» Problem statement
Reproduce the entire listing exactly. Leave the pictures out.

» Stored data
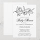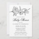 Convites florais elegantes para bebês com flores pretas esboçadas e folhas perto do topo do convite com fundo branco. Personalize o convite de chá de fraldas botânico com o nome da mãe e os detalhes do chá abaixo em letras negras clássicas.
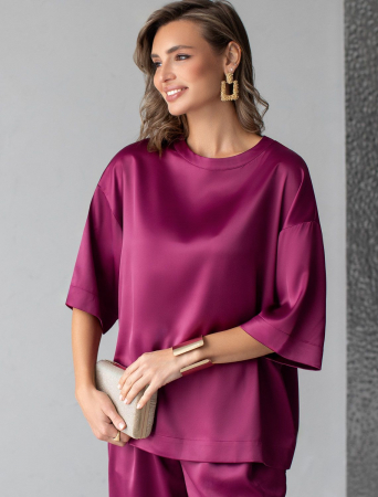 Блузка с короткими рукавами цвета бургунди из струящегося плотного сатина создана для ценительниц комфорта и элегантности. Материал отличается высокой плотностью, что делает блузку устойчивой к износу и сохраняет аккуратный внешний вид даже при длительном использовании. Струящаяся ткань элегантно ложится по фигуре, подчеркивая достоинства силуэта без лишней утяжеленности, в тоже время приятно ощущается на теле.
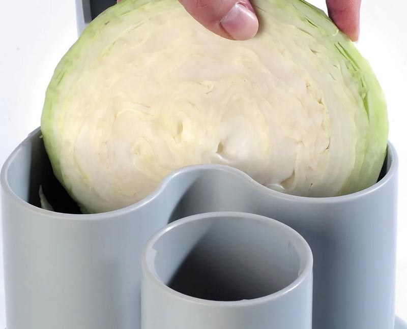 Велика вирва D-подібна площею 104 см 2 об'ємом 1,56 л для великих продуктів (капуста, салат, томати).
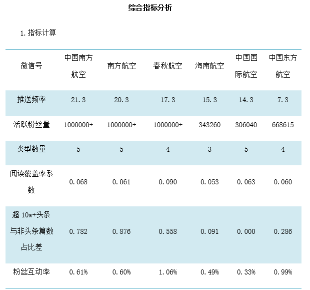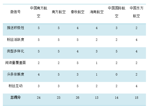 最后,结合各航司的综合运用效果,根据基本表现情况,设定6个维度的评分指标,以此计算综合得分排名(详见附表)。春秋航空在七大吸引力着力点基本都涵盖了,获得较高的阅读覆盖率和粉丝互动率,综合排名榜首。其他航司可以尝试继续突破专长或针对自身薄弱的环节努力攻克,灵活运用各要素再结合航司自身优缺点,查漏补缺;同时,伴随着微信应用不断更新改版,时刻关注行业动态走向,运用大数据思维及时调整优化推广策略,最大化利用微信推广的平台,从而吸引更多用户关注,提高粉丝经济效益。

» Solution to this task
 Convites florais elegantes para bebês com flores pretas esboçadas e folhas perto do topo do convite com fundo branco. Personalize o convite de chá de fraldas botânico com o nome da mãe e os detalhes do chá abaixo em letras negras clássicas.
 Блузка с короткими рукавами цвета бургунди из струящегося плотного сатина создана для ценительниц комфорта и элегантности. Материал отличается высокой плотностью, что делает блузку устойчивой к износу и сохраняет аккуратный внешний вид даже при длительном использовании. Струящаяся ткань элегантно ложится по фигуре, подчеркивая достоинства силуэта без лишней утяжеленности, в тоже время приятно ощущается на теле.
 Велика вирва D-подібна площею 104 см 2 об'ємом 1,56 л для великих продуктів (капуста, салат, томати).
 最后,结合各航司的综合运用效果,根据基本表现情况,设定6个维度的评分指标,以此计算综合得分排名(详见附表)。春秋航空在七大吸引力着力点基本都涵盖了,获得较高的阅读覆盖率和粉丝互动率,综合排名榜首。其他航司可以尝试继续突破专长或针对自身薄弱的环节努力攻克,灵活运用各要素再结合航司自身优缺点,查漏补缺;同时,伴随着微信应用不断更新改版,时刻关注行业动态走向,运用大数据思维及时调整优化推广策略,最大化利用微信推广的平台,从而吸引更多用户关注,提高粉丝经济效益。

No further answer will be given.